Motivated by Cont and de Larrard (2013)’s seminal Limit Order Book (LOB) model, we propose a new model for the level I of a LOB in which the arrivals of orders and cancellations are still assumed to be mutually independent, memoryless, and stationary, but, unlike the aforementioned paper, the information about the standing orders at the opposite side of the book after each price change and the arrivals of new orders within the spread are incorporated. Our main result gives a diffusion approximation for the mid-price process, which sheds further light on the relation between the mid-price behavior at low frequencies and some LOB features not considered in earlier works.

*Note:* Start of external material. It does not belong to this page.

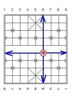 帅和将是棋中的首脑,是双方竭力争夺的目标。它只能在“九宫”之内活动,可上可下,可左可右,每次走动只能按竖线或横线走动一格。帅与将不能在同一直线上直接对面,否则走方判负。
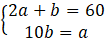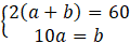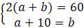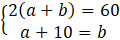Wskaż, który z układów równań: , , , opisuję zależność: Obwód prostokąta o bokach długości a i b jest równy 60. Jeden z boków tego prostokąta jest o 10 dłuższy od drugiego.

To illustrate the applicability of the proposed framework, we also develop a feasible method to compute several quantities of interest, such as the distribution of the time span between price changes and the probability of consecutive price increments conditioned on the current state of the book. These LOB model features are relevant in many applications such as high frequency trading and intraday risk management. The proposed method is also used to develop an efficient simulation scheme for the price dynamics, which is then applied to assess numerically the accuracy of the diffusion approximation.

Suggested Citation

  • Chávez-Casillas, Jonathan A. & Figueroa-López, José E., 2017. "A one-level limit order book model with memory and variable spread," Stochastic Processes and their Applications, Elsevier, vol. 127(8), pages 2447-2481.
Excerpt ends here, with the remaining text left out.